··· Information given

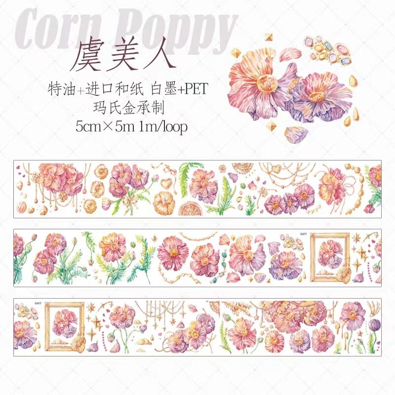 再販☆OL334B Girl17 (Oldloli)【Corn Poppy 虞美人】PETテープ 5cmx5m 剥離紙付き 白墨 | cherish365_zakka
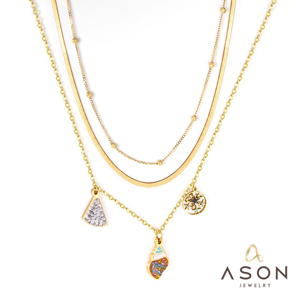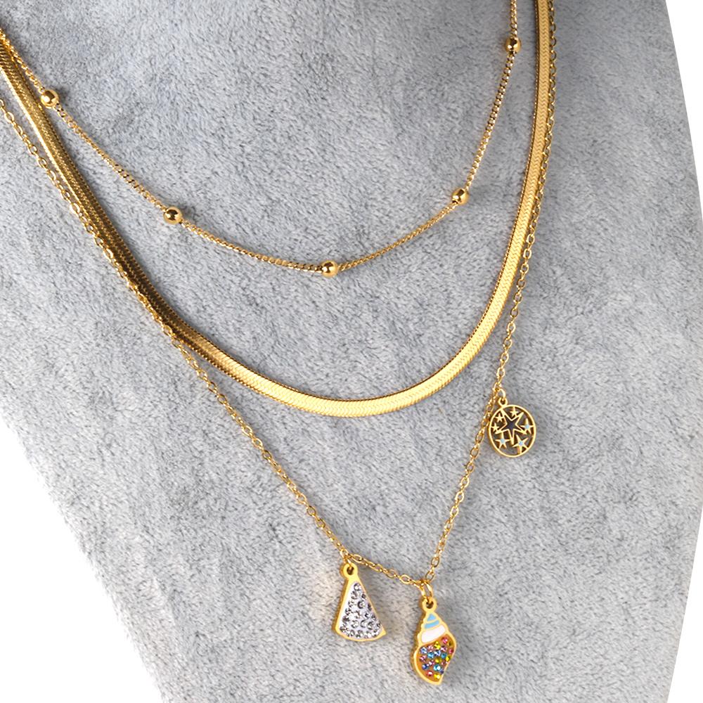 ASON Trendy Multi-layer Conch Star Pendant Necklace Gold Color Stainless Steel Snake Chain for Women Fashion Jewelry Gift
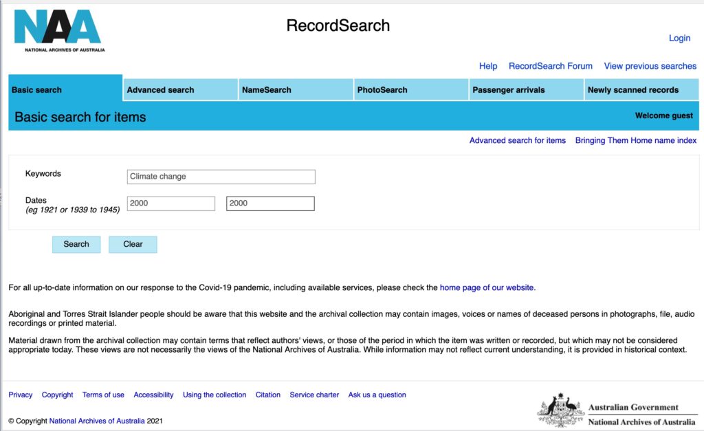 From the screen that appears, select “Basic search”, and enter the words “Climate change” and “2000” and “2000” in the date boxes (i.e. repeat “2000”).
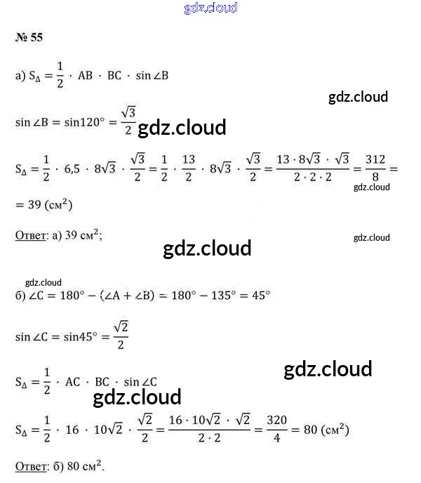 Ответ на задание 55 Учебник Геометрия за 9 (девятый) класс Казаков 2019 онлайн и без номера телефона.
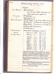 On September 29, 1806, Commodore Thomas Tingey reported to Secretary of the Navy Robert Smith his problems with "the Ship Carpenters, Smiths and Riggers". They were upset that their wages had been reduced. The ship "Joiners too, believed that they also were to remain at their former rate of pay. They therefore remonstrated but were informed it could not then be altered - A few days afterward (in the first week of August), they unanimously withdrew from work and deputized 3 or 4 of their numbers, who came to the yard presented a written paper to Captain Cassin, who offered it to me, I refused to receive or peruse it. ... It is undeniable that I consider them a steady and valuable set of workmen ... but I deem it inadmissible to advocate, raising their pay to 1.75 per diem."[20] The second on 13 March 1827, when a dispute over wages provoked laborers to leave the yard briefly to express their displeasure. The third began on 23 March 1830, when the laborers were recorded "standing out" for a week to show that their per diem wage rate should have been granted sooner.[21] These job actions represent a period when federal workers, though not unionized, could strike—an option later denied to government employees with the passage of the 1947 Taft–Hartley Act.[22] Except for the brief entries made by the commanding officer to the secretary of the Navy or the officer of the watch in the station log, little is known about the exact circumstances of these early incidents.
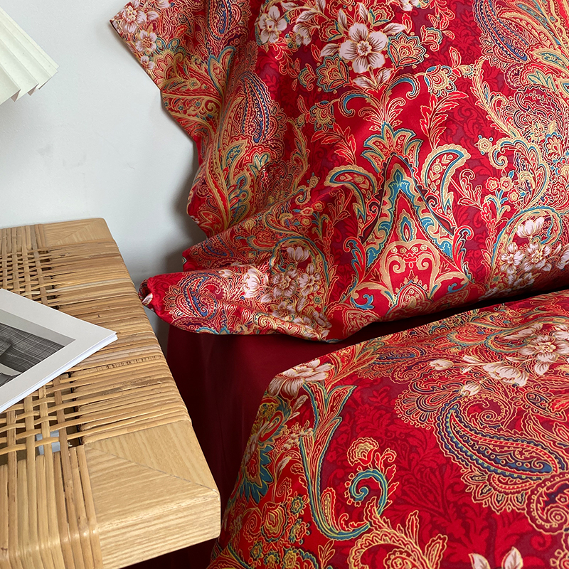 China Wind All-cotton Wedding Four Pieces Red 60 High Branch Pure Cotton Double 1 8 m Gift Wedding Bed Goods Kit
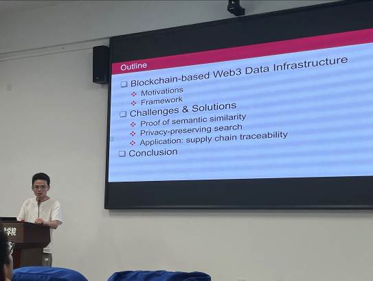 2023616日,计算机科学与技术学院青年科技协会和计算机学院研究生会在21B4127联合举行了青年科协活动。本次活动邀请香港理工大学江山老师以“Web3数字基础设施建设:机遇与挑战”为题作学术报告。青年科协张立国、吕宏武、玄世昌等青年教师和部分博士研究生、硕士研究生参加了此次活动,活动由玄世昌老师主持。

······

#### [Activity]
The required output is each record above, reproduced exactly, without its pictures.

#### [Answer box]
 再販☆OL334B Girl17 (Oldloli)【Corn Poppy 虞美人】PETテープ 5cmx5m 剥離紙付き 白墨 | cherish365_zakka
 ASON Trendy Multi-layer Conch Star Pendant Necklace Gold Color Stainless Steel Snake Chain for Women Fashion Jewelry Gift
 From the screen that appears, select “Basic search”, and enter the words “Climate change” and “2000” and “2000” in the date boxes (i.e. repeat “2000”).
 Ответ на задание 55 Учебник Геометрия за 9 (девятый) класс Казаков 2019 онлайн и без номера телефона.
 On September 29, 1806, Commodore Thomas Tingey reported to Secretary of the Navy Robert Smith his problems with "the Ship Carpenters, Smiths and Riggers". They were upset that their wages had been reduced. The ship "Joiners too, believed that they also were to remain at their former rate of pay. They therefore remonstrated but were informed it could not then be altered - A few days afterward (in the first week of August), they unanimously withdrew from work and deputized 3 or 4 of their numbers, who came to the yard presented a written paper to Captain Cassin, who offered it to me, I refused to receive or peruse it. ... It is undeniable that I consider them a steady and valuable set of workmen ... but I deem it inadmissible to advocate, raising their pay to 1.75 per diem."[20] The second on 13 March 1827, when a dispute over wages provoked laborers to leave the yard briefly to express their displeasure. The third began on 23 March 1830, when the laborers were recorded "standing out" for a week to show that their per diem wage rate should have been granted sooner.[21] These job actions represent a period when federal workers, though not unionized, could strike—an option later denied to government employees with the passage of the 1947 Taft–Hartley Act.[22] Except for the brief entries made by the commanding officer to the secretary of the Navy or the officer of the watch in the station log, little is known about the exact circumstances of these early incidents.
 China Wind All-cotton Wedding Four Pieces Red 60 High Branch Pure Cotton Double 1 8 m Gift Wedding Bed Goods Kit
 2023616日,计算机科学与技术学院青年科技协会和计算机学院研究生会在21B4127联合举行了青年科协活动。本次活动邀请香港理工大学江山老师以“Web3数字基础设施建设:机遇与挑战”为题作学术报告。青年科协张立国、吕宏武、玄世昌等青年教师和部分博士研究生、硕士研究生参加了此次活动,活动由玄世昌老师主持。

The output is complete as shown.